You’ve probably heard the lamentations. The United States’ Social Security program is unraveling. Too few people are paying too little into the government-managed pool of funds at the same time too many people are taking too much out of that pool. It’s simply not sustainable, the criticisms argue.
Well, the criticisms are somewhat on target. At its current trajectory, the Social Security trust funds will run out of money at some point in the early 2030s.
In this case, though, running out of money doesn’t mean benefits will end entirely. Moreover, a handful of legislative moves meant to shore up the Social Security fund’s shortfall are on the table. It’s likely at least one of them will be implemented before it’s too late.
Translation: Your Social Security benefits aren’t simply destined to evaporate, whether you’re receiving them now or intend to start collecting checks after 2030.
Broken, but not broke
Even if the trust funds run out of money, that doesn’t mean Social Security will simply stop issuing payments to its beneficiaries then. It simply means these payouts will be reduced by 20% to 25% of their initially projected figures, because that’s the shortfall from the payroll taxes and other revenue sources that go toward paying benefits.

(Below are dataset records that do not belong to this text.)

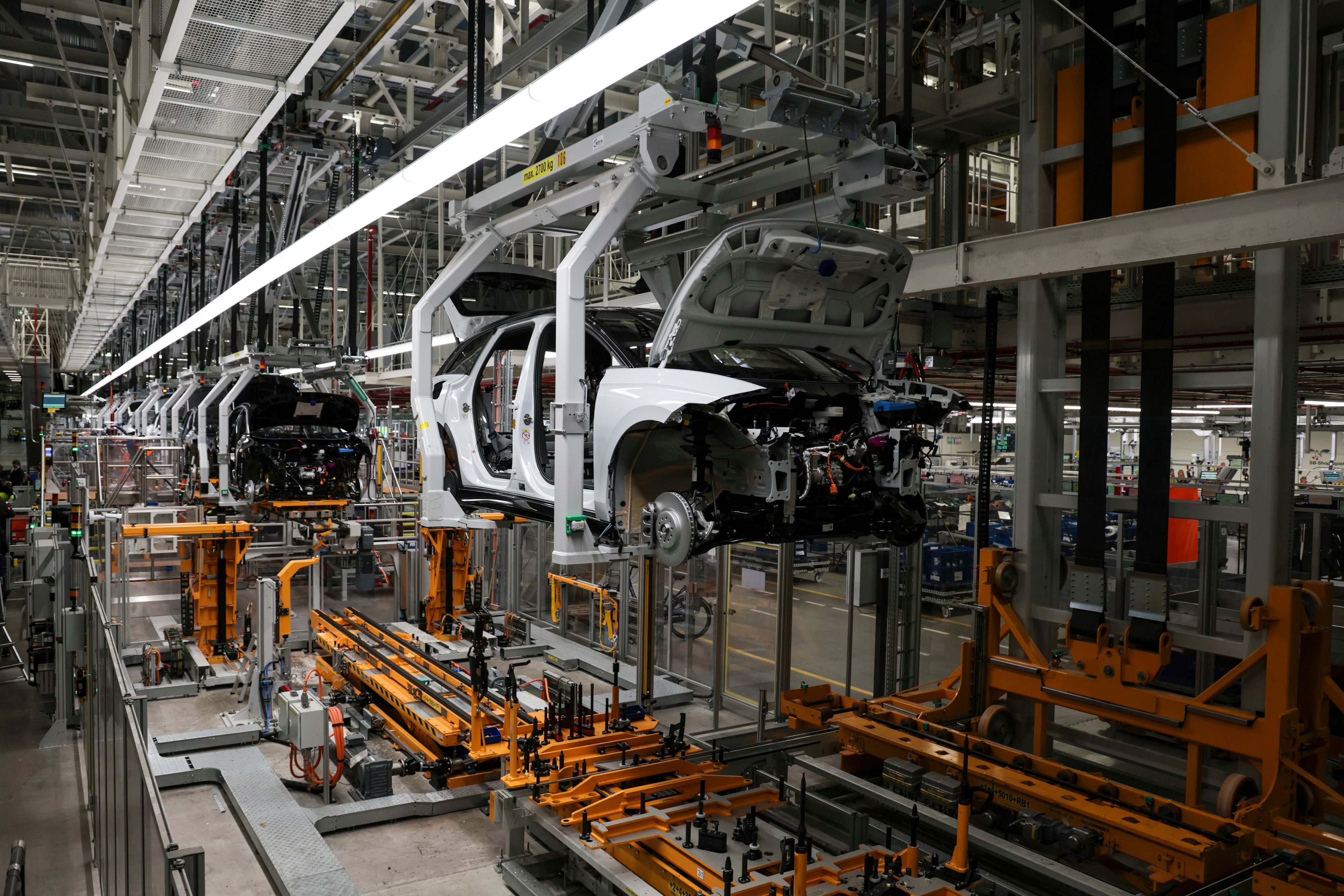 Na foto: Linha de montagem de carros elétricos da Volks na cidade de Emden, na Alemanha. Crédito: Focke Strangmann/Getty.
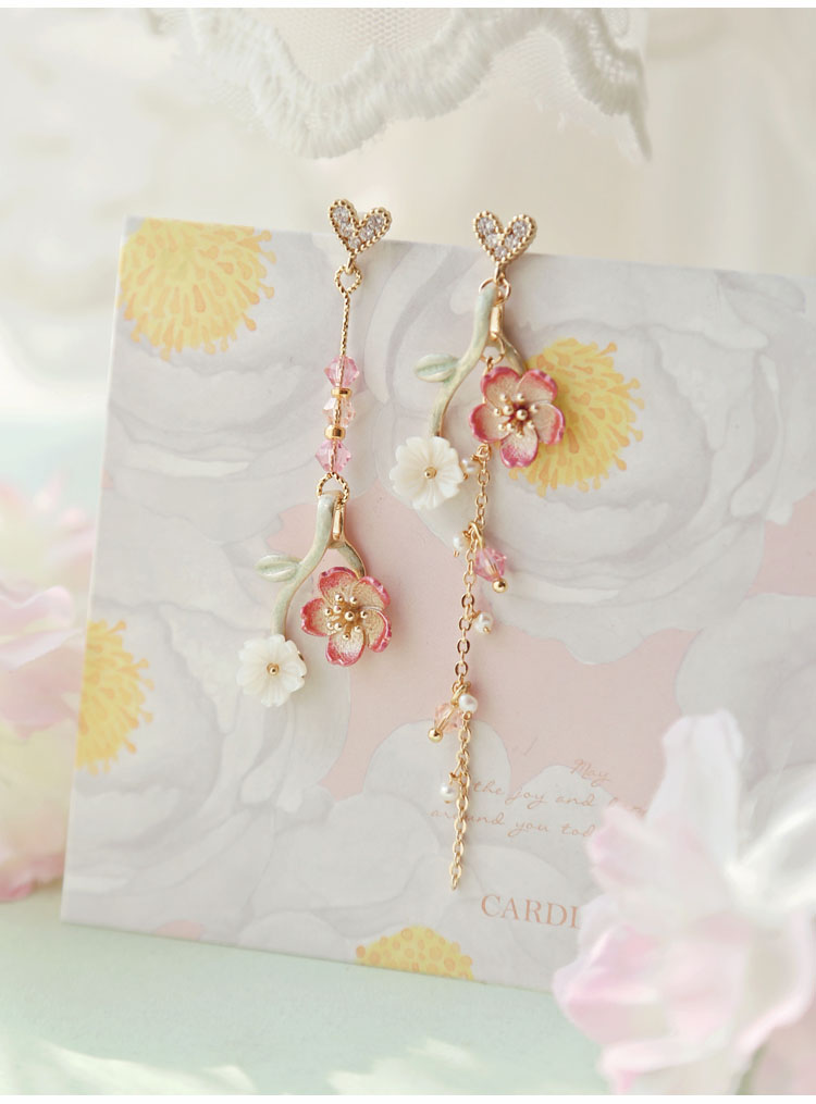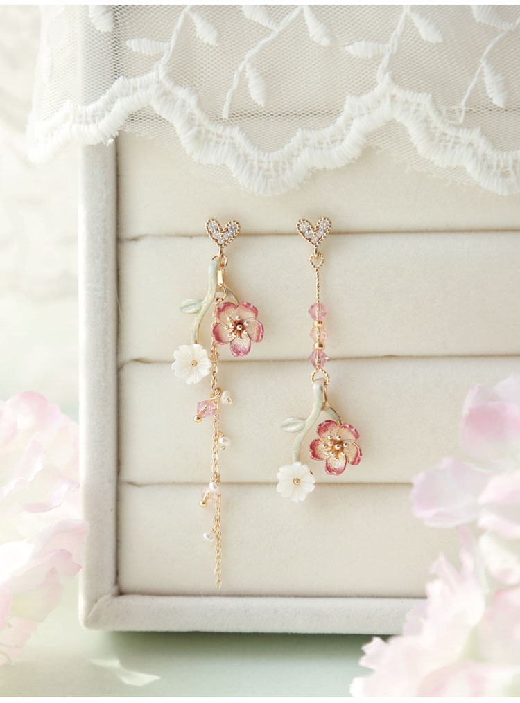 Color Classification: A pair of "Sakura Branch" earrings, "Sakura Branch" non-pierced ear clips
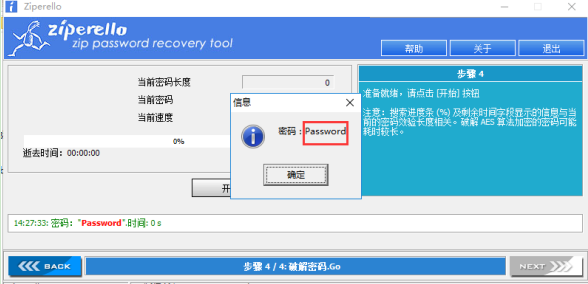 通过之前的解密得到的提示,需要使用弱口令,所以打开工具Ziperello,进行弱口令字典爆破得出密码:(需要一个好的字典)
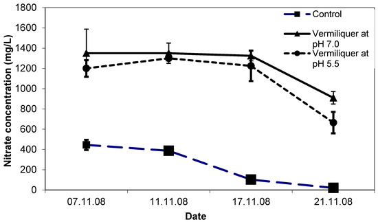 The initial concentration of nitrate was considerably higher in the vermiliquer solutions than the control (ca. 1200 mg/L compared to ca. 400 mg/L—Figure 2). By the end of the study, nitrate in vermiliquer declined to ca. 800 mg/L, whereas in the control it declined steadily with growth to an almost immeasurable quantity (Figure 2). The positive effect of lower pH on leaf chlorophyll (estimated through SPAD measurements) was evident and after one week SPAD values for the control and pH 5.5 treatments were 43.5–44.0 compared to 40.5 for the pH 7.0 treatment (LSD p < 0.05 = 2.0) despite the pH 7.0 treatment having higher nitrate concentration than in the control (Figure 2).
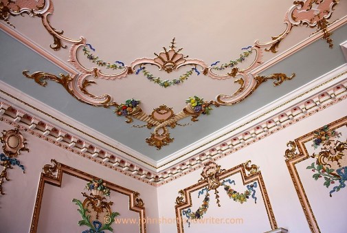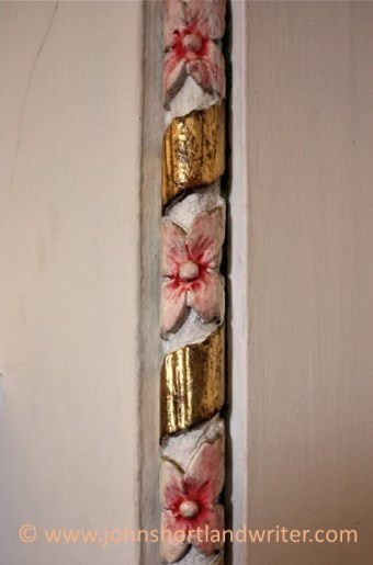 It will be interesting to see if the Krishna coloured plasterwork remains for posterity. Should it be preserved as it is now? Is this a refreshing interpretation of traditional, high quality plasterwork or sheer vandalism, an abhorrence that ought to be erased? Whatever your opinion, nothing quite prepares you for the visual ‘shock’ you experience when you first enter the room.
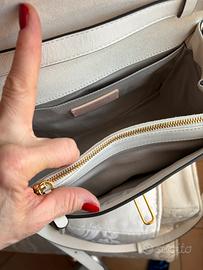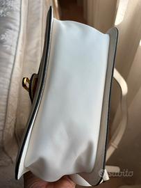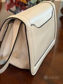 Borsa in pelle COCCINELLE mod. Marvin Twist MEDIUM COLORE: latte di cocco DIMENSIONI: 28x18x11 HARDWARE: oro Patta interna in pelle scamosciata INTERNO BORSA: tessile Tre scomparti: principale, più uno cernierato più uno laterale. Tasca esterna posteriore TRACOLLA regolabile e rimovibile, in pelle Dust bag originale Borsa pari al nuovo Prezzo retail: ca. 180 -200 €
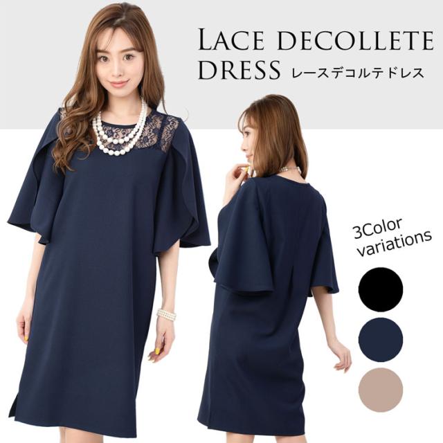 レース デコルテ ドレス フォーマル 5分袖 / レディース(No.08000121)
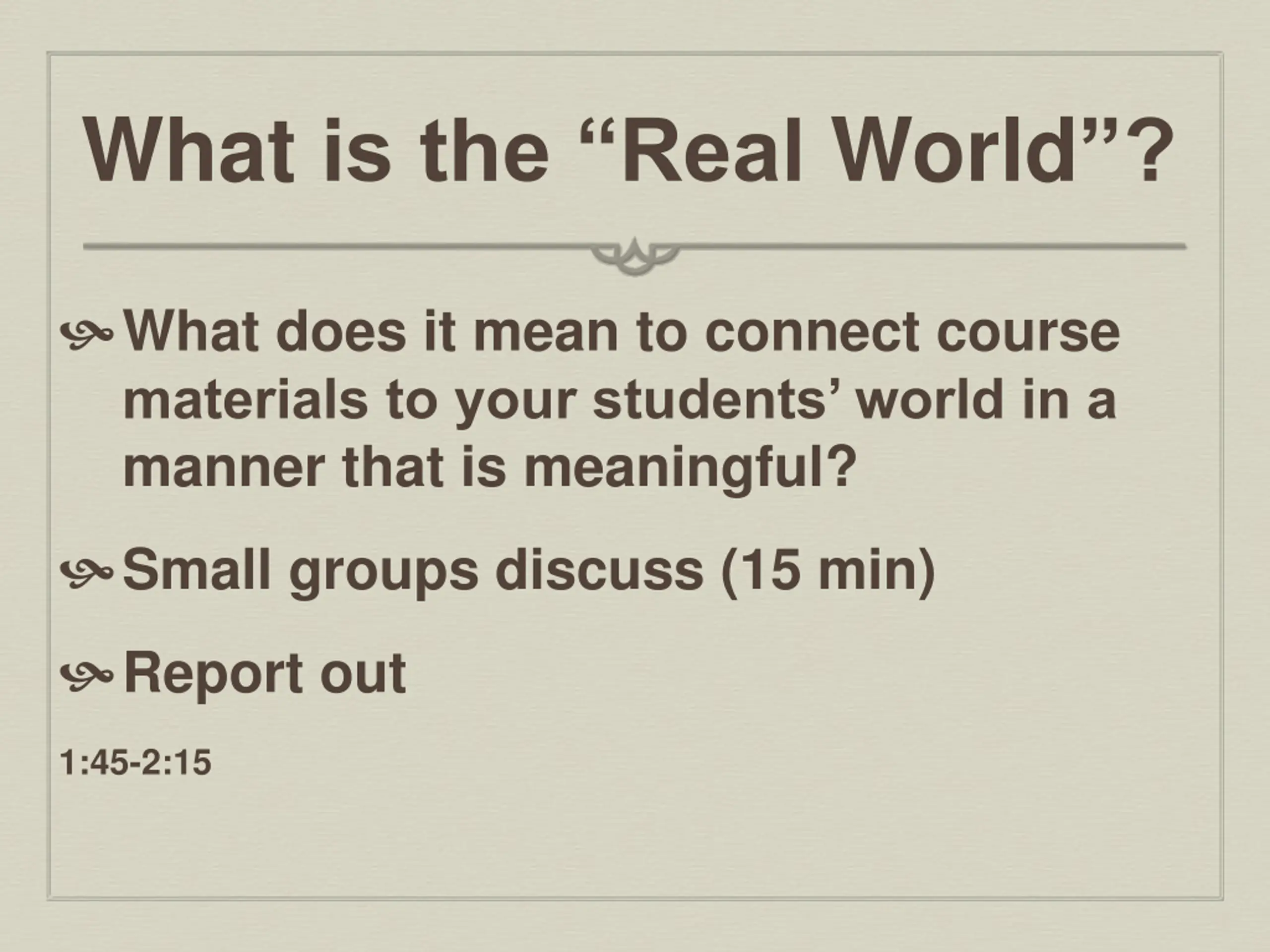 What is the Real World? What does it mean to connect course materials to your students world in a manner that is meaningful? Small groups discuss (15 min) Report out 1:45-2:15
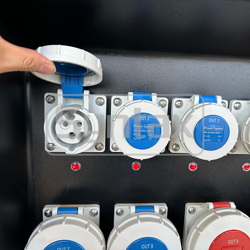 | Ausgänge 1-6 | 6 × 3P 16A 220V IP67 Paneelmontage-Steckdosen, geschützt durch 6 × 1P+N 16A 30mA RCBOs |
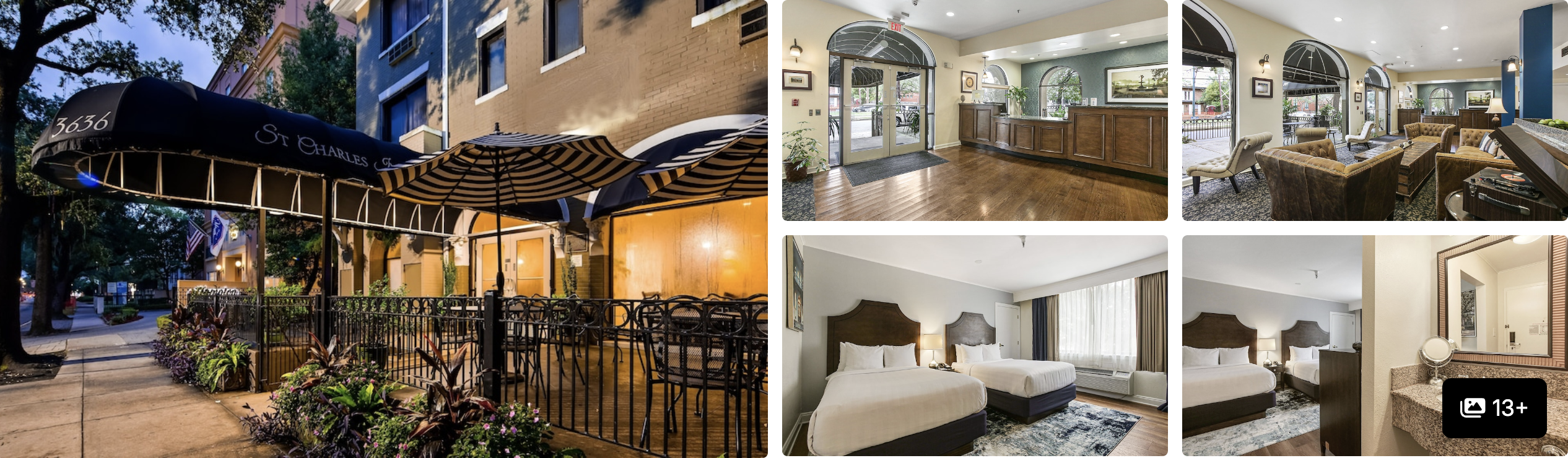 A Warehouse District hotel steps from Canal with quiet courtyards and functional room layouts. You can walk to both St. Charles and the French Quarter, and the courtyards and intimate lobby bar keep noise down. Couples and solo travelers use it as a calm base close to the action. The Warehouse District location also puts museums within walking distance.
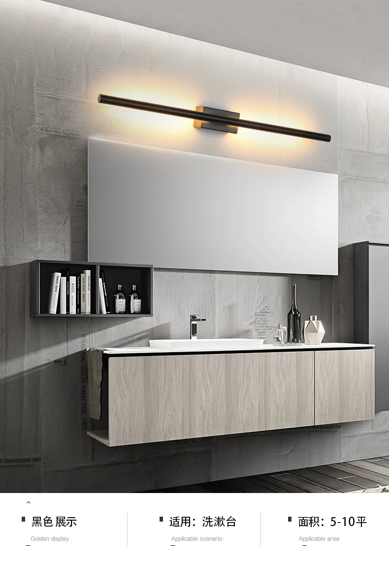 Современная линейная светодиодная настенная лампа Kobuc, 60 см, 80 см, 100 см, 120 см, настенный светильник, настенное бра для бара, зеркала, переднее Черное золото, светодиодное бра, светильник в
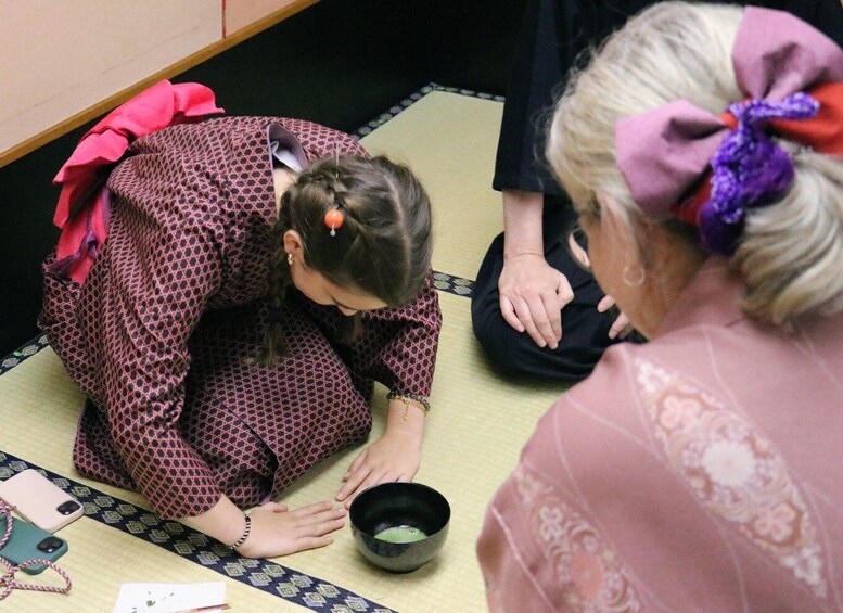 ➤ The hostess will entertain the guests according to the traditional manners prescribed. The master of the tea ceremony will serve matcha (powdered green tea) and serve it to the guests.
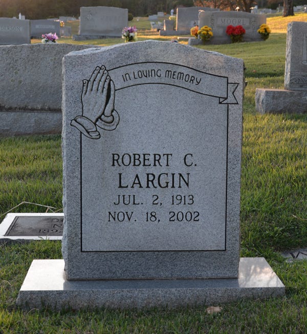 I soon came across a headstone for a “Robert Cushing Largin.” This man was born in 1913 in Dublin, Virginia, and died in 2002, in Roanoke, Virginia. It seemed possible that this could be my Bobby Blue.
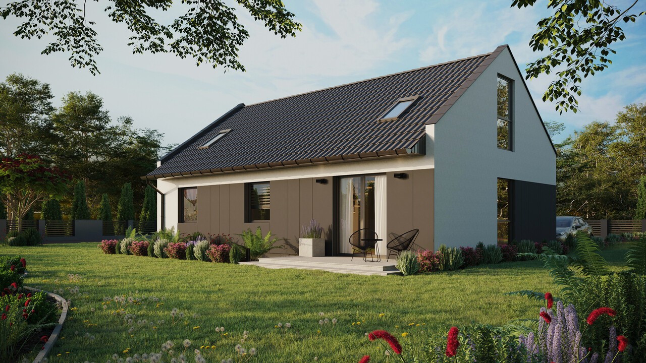 Das Projekt ERDOL 3 Haus mit einer Fläche von 82 m² (130 m² in der Version mit nutzbarem Dachgeschoss) wurde so konzipiert, dass das Gebäude seinen Bewohnern komfortable und geräumige Innenräume bietet, in denen alles Platz hat, was sie brauchen. Die eingesetzten modernen Technologien und ökologischen Lösungen machen es zu einem energieeffizienten Haus, das im Einklang mit der Natur funktioniert. Für den Bau wird KVH-Holz verwendet, das die Grundlage der gesamten Struktur bildet. Entsprechend ausgewählte Dämmstoffe sorgen dafür, dass das Haus vor Wärmeverlusten geschützt ist.
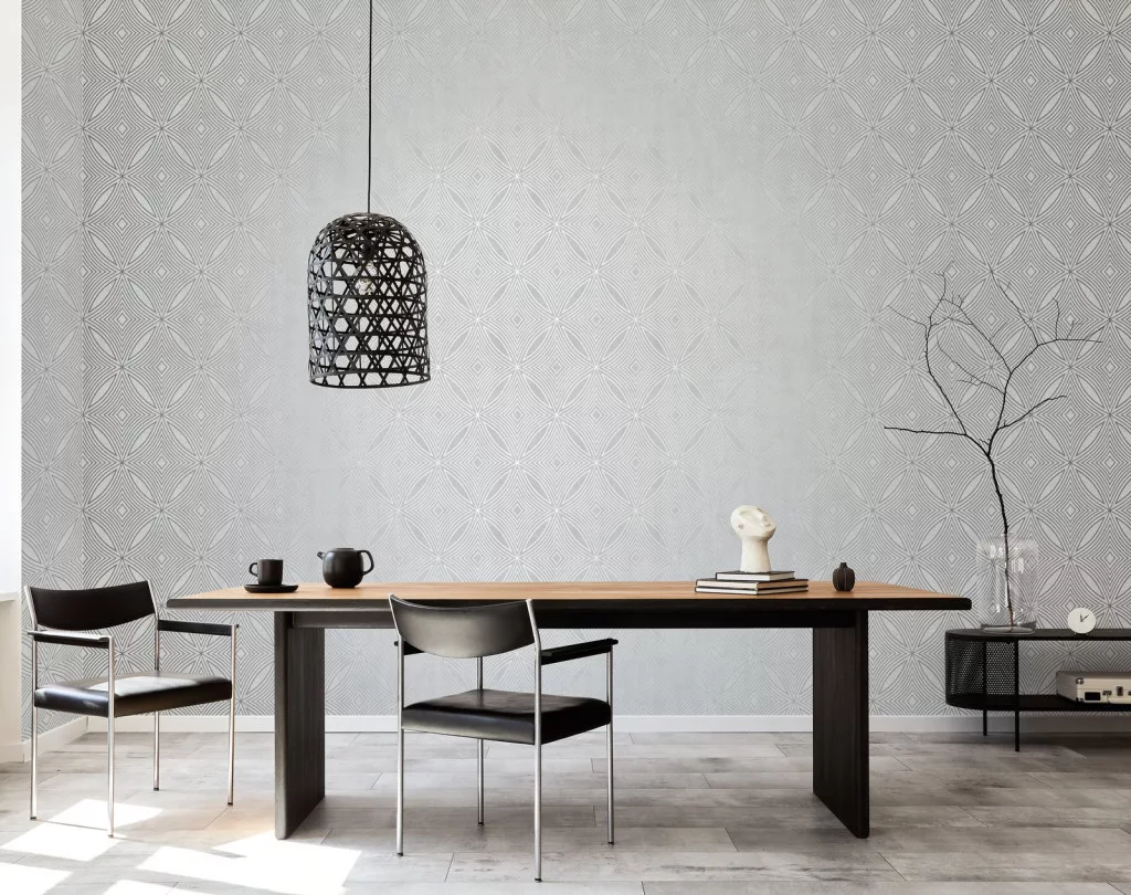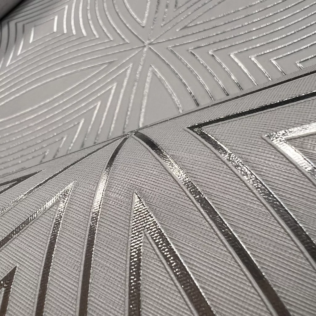 Metálos kollekció Speciel FX2: Gyöngyszürke geometrikus sugárjáték mintás (mosható) vlies-vinyl tapéta
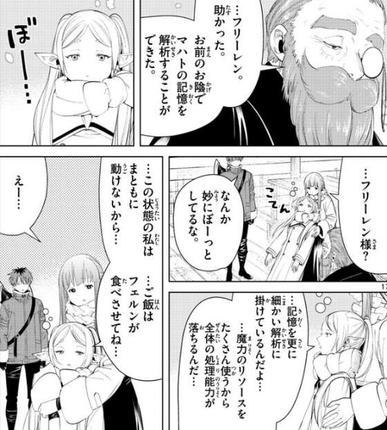 こうして大陸魔法協会はマハトを大結界でマハトを封印しますが、ヴァイゼは黄金郷のままです。マハトの記憶を解析したフリーレンは、更に細かい解析を掛けようとしますが、魔力のリソースをたくさん使うようで、まともに動けません。フリーレンはフェルンに、まともに動けないから、ご飯はフェルンが食べさせてね…、とお願いしますが、フェルンは、えー…、とフリーレンに抗議します。さらに着替えとお風呂と髪結びも手伝ってね、とフリーレンは言いますが、ほぼいつも通りじゃないですか、とフェルンは言おうとします。

Obviously, that’s not 100% of what you’re due. But something is better than nothing, and most of what you’re owed will still be passed along.
It was never going to make you rich, anyway
Moreover, Social Security was never meant to be the sole provider of income for retirement by itself. Depending on the sort of wages you earn while working, Social Security typically replaces between 40% and 75% of your income. That’s why the average monthly Social Security check in 2023 should be just a tad over $1,800.
The rest of any money you may need in retirement is meant to come from your own retirement savings and — for some folks — pensions.
If you’re successful in generating retirement income on your own, then Social Security becomes a useful supplement, with the typical recipient seeing a boost of roughly $1,800 in today’s dollars. Assuming Social Security stumbles into the worst-case scenario and payments must be reduced, you’d still be banking on the order of $1,300 worth of Social Security checks each and every month — assuming you’re an average earner and saver. For some people, that will still be enough to let them live comfortably.
Help is on the way
It’s also possible something could happen in the meantime to stave off the reduction of Social Security payments. In fact, it’s very likely several measures will be taken to help future retirees.
One of these measures is the Consolidated Appropriations Act for 2023, which is awaiting President Biden’s signature. The legislation includes a provision called SECURE 2.0, which, among other things, offers certain lower-income workers government-matched contributions to a retirement account. The law would also raise the cap on IRA contribution limits for older workers, and it would make enrollment in a retirement plan the default option for most employers’ workers.
That’s not the only legislation being kicked around with the goal of helping people build better retirements. Sen. Mazie Hirono (D-Hawaii) and Reps. Ted Deutch (D-Fla.) and Angie Craig (D-Minn.) are all floating the idea of raising the limit on the income taxed to fund Social Security from last year’s $147,000 to $250,000. It’s believed such a plan could keep the Social Security program running smoothly for another 74 years.
This is just a sampling of all the possibilities that could come to fruition in an effort to fix the program’s woes. Certainly, other ideas will surface in the meantime, with some of them likely to be implemented.
Stay cool
The point is, don’t panic just yet. The Social Security Administration certainly isn’t as flush with cash as it would like to be. It’s not doomed, though. It just needs some assistance.
In the meantime, all investors should check out the My Social Security website to get a rough idea of their projected Social Security payments upon retirement. More than that, though, all investors should revisit their current retirement savings plan, or start one if you haven’t yet. While it would be nice to not have to count on Social Security at all in your golden years, knowing it will at least supplement your self-made retirement income means you don’t have to take crazy risks in an effort to fully fund your post-work life.